Quality and Safety Systems
Section titled “Quality and Safety Systems”Validation Scripts
Section titled “Validation Scripts”Every convention is backed by a machine-enforceable check. The validation suite runs
via two parallel groups: validate:_node (Node.js
validators) and validate:_external (external tool validators):
| Category | Validators |
|---|---|
| Markdown | lint:md, lint:links:docs |
| Artefact format | lint:artifact-templates, lint:h2-sync, fix:artifact-h2 |
| Agent quality | lint:agent-frontmatter, lint:agent-body-size |
| Skill quality | lint:skills-format, lint:skill-size, lint:skill-references, lint:orphaned-content |
| Instruction quality | lint:instruction-frontmatter, validate:instruction-refs |
| Governance | lint:governance-refs, lint:mcp-config |
| Infrastructure | lint:terraform-fmt, validate:terraform |
| Session state | validate:session-state, validate:session-lock |
| Registry/config | validate:workflow-graph, validate:agent-registry, validate:skill-affinity |
| Code quality | lint:json, lint:python, lint:yaml |
| VS Code config | validate:vscode |
| Meta | lint:version-sync, lint:deprecated-refs, lint:docs-freshness, lint:glob-audit |
All validators run via npm run validate:all.
Git Hooks (Pre-Commit and Pre-Push)
Section titled “Git Hooks (Pre-Commit and Pre-Push)”Pre-commit (sequential, via lefthook): Validates staged files only — markdown lint, link checks, H2 sync, artefact templates, agent frontmatter, instruction frontmatter, Python lint, Terraform format and validate.
Pre-push (parallel, via lefthook): Diff-based domain routing.
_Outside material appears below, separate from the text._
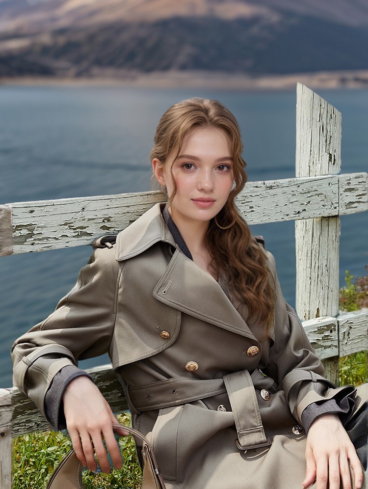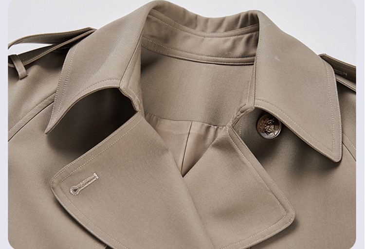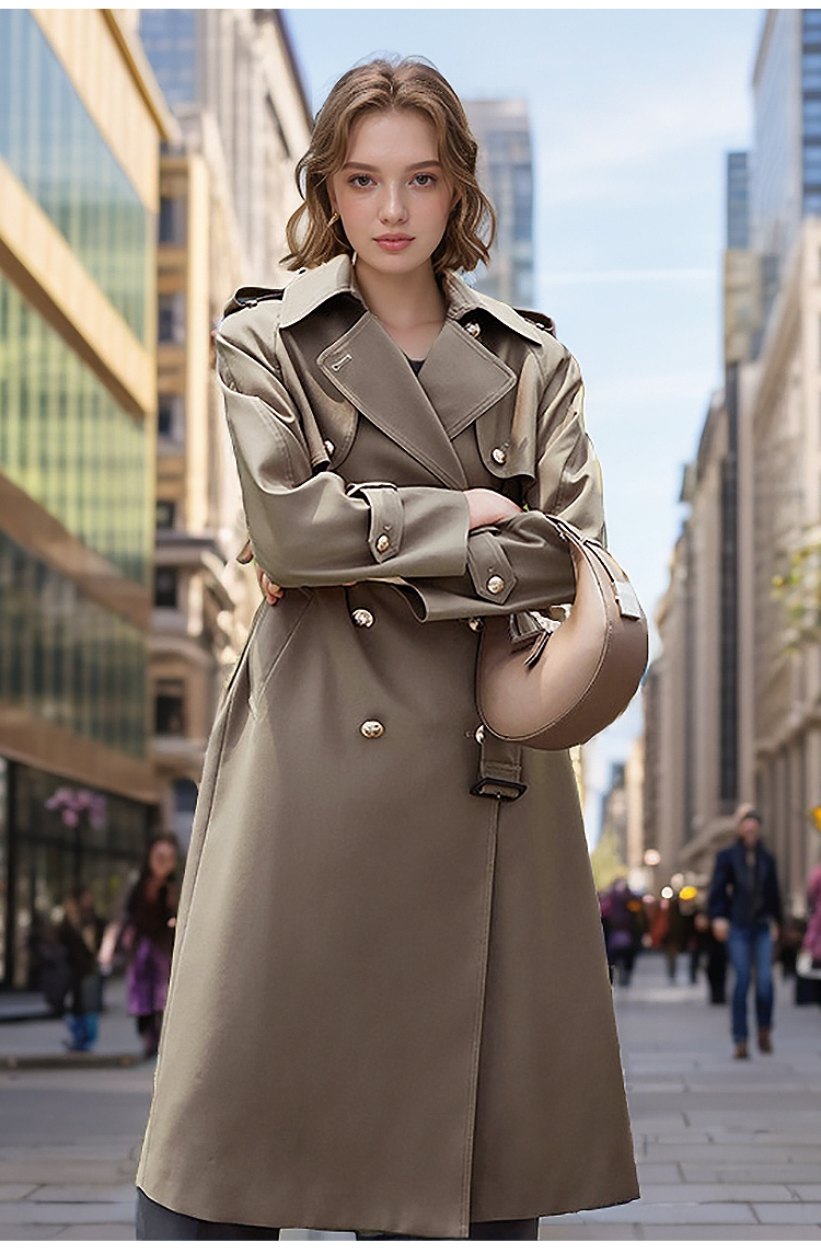2024 Spring Fall Over The Knee Mid-Length Classic Trench Coat Women's Gray

The diff-based-push-check.sh
script categorises changed files and runs only matching validators:
*.bicep→ Bicep build + lint*.tf→ Terraform fmt + validate*.agent.md→ Agent frontmatter + body size*.instructions.md→ Instruction frontmatterSKILL.md→ Skills format + skill size*.json→ JSON syntax*.py→ Ruff lint
Circuit Breaker
Section titled “Circuit Breaker”The circuit breaker pattern protects against runaway agent loops during deployment:
| Anomaly Pattern | Detection Threshold | Action |
|---|---|---|
| Error repetition | 3 consecutive | Halt, write blocked finding |
| Empty response loop | 3 consecutive | Halt, escalate to human |
| Timeout cascade | 3 consecutive | Halt, check auth |
| What-if oscillation | 2 cycles | Halt, flag resource conflict |
| Auth failure loop | 2 consecutive | Halt, prompt re-authentication |
Context Compression
Section titled “Context Compression”The context-shredding system defines three compression tiers for artifact loading:
| Tier | Trigger | Strategy |
|---|---|---|
full | < 60% used | Load entire artefact |
summarized | 60–80% | Key H2 sections only (tables preserved) |
minimal | > 80% | Decision summaries only (< 500 characters) |
When the challenger-review-subagent loads predecessor artefacts for review, it is
instructed to apply the same 3-tier compression: at the summarized tier, preserving
only resource list, SKUs, WAF scores, compliance matrix, and budget sections; at
minimal, using only the decisions field from 00-session-state.json plus the
resource list. Whether the LLM follows these instructions consistently varies —
the compact_for_parent carry-forward between passes is the part that reliably works.
Copilot Hooks
Section titled “Copilot Hooks”The project uses 3 Copilot hooks (.github/hooks/) that intercept agent actions
at runtime:
| Hook | Trigger | Purpose |
|---|---|---|
tool-guardian | preToolUse | Blocks dangerous commands (destructive ops, force pushes, DB drops) |
secrets-scanner | sessionEnd | Scans modified files for leaked secrets and credentials |
session-logger | sessionStart | Logs session lifecycle and injects project context |
governance-audit | userPromptSubmitted | Scans prompts for threat signals with governance levels |
post-edit-format | PostToolUse | Auto-formats files after agent edits (whitespace, trailing newlines) |
Hooks are defined in hooks.json files with type (command), path to shell script,
and timeout. They run automatically — agents do not invoke them explicitly.